As part of a quasi-experimental study, community pharmacy staff proactively identified adult patients with T2D who were not prescribed a statin. When appropriate, the pharmacist prescribed a statin via a collaborative practice agreement or facilitated acquisition of a prescription from another prescriber. Patients received individualized education and follow-up and monitoring for 1 year. Adherence was defined as the proportion of days covered (PDC) by a statin over 12 months. Linear and logistic regression were used to compare the effect of the intervention on continuous and a binary adherence threshold, defined as PDC ≥ 80%, respectively.

RESULTS

Overall, 185 patients started statin therapy and were matched to 370 control patients for analysis.

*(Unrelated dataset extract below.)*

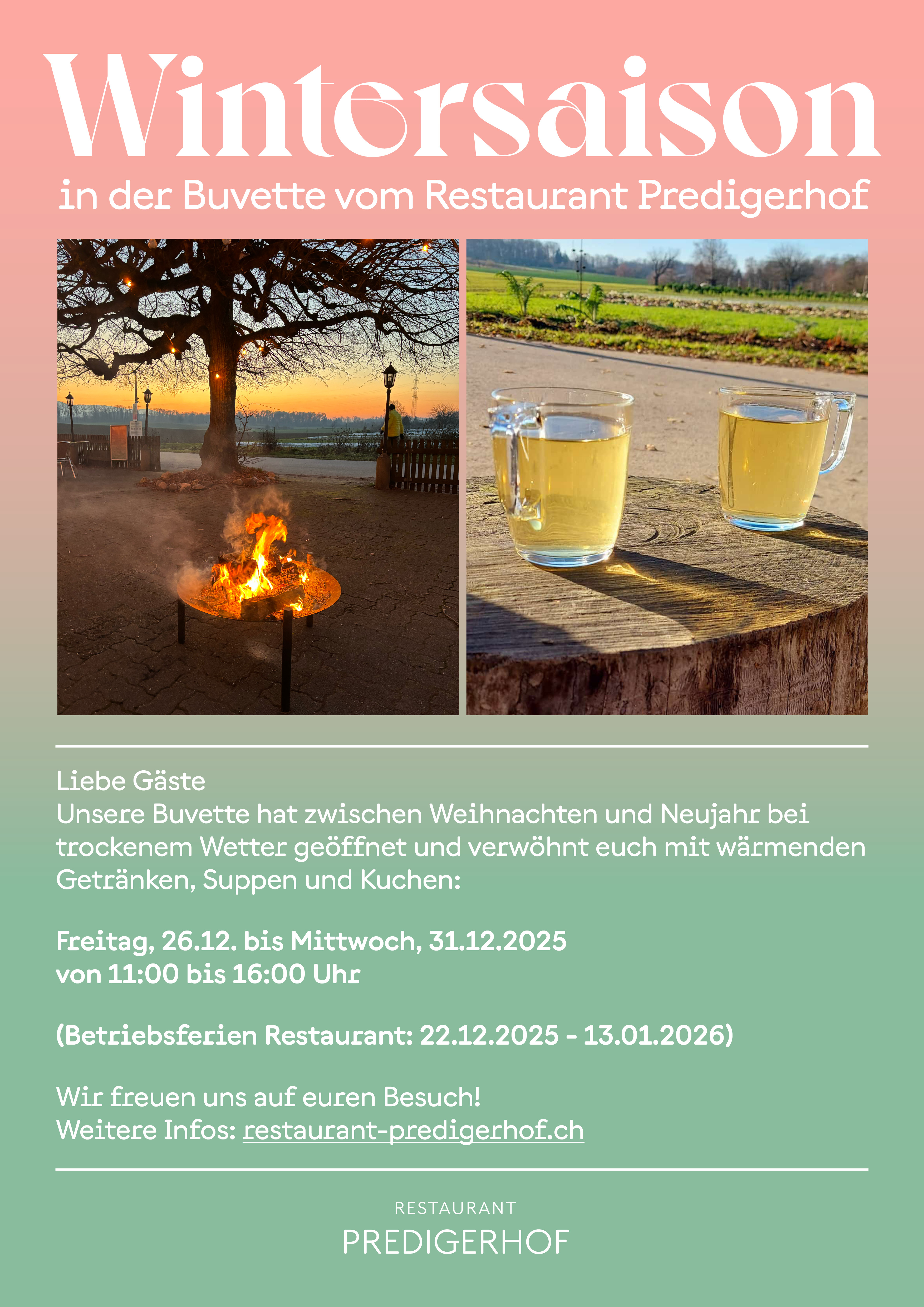 Auch im täglichen Betrieb zeigt sich eine erfreuliche Entwicklung. Der Predigerhof bleibt ein fester Treffpunkt für viele Menschen aus der Region. Ab Mitte Januar erweitert das Restaurant sein Angebot mit einem wöchentlichen Suppentreff, jeweils am Freitagmittag.

Adjusted average PDC was 3.1% higher in the intervention group (95% CI -0.037 to 0.098). Patients in the intervention group were 21.2% more likely to have PDC ≥ 80% (95% CI 0.828-1.774).

CONCLUSION

The intervention resulted in higher statin adherence than usual care; however, the differences were not statistically significant.

摘要

背景

在 2 型糖尿病(T2D)患者中使用他汀类药物可降低心血管事件,但依从性仍不理想。

目的

本研究评估了社区药剂师干预对新使用 T2D 的他汀类药物依从性的影响。

方法

作为一项准实验研究的一部分,社区药房工作人员主动识别未开处方他汀类药物的 T2D 成年患者。在适当的情况下,药剂师通过合作实践协议开处方,或协助从其他处方医生处获得处方。患者接受个体化教育和随访以及 1 年的监测。依从性定义为他汀类药物在 12 个月内的覆盖天数(PDC)的比例。线性和逻辑回归用于比较干预对连续和二进制依从性阈值的影响,分别定义为 PDC≥80%。

结果

共有 185 名患者开始使用他汀类药物治疗,并与 370 名对照患者进行了匹配分析。干预组的平均 PDC 调整后高出 3.1%(95%CI -0.037 至 0.098)。干预组的患者 PDC≥80%的可能性高 21.2%(95%CI 0.828-1.774)。

结论

干预措施比常规护理导致更高的他汀类药物依从性,但差异无统计学意义。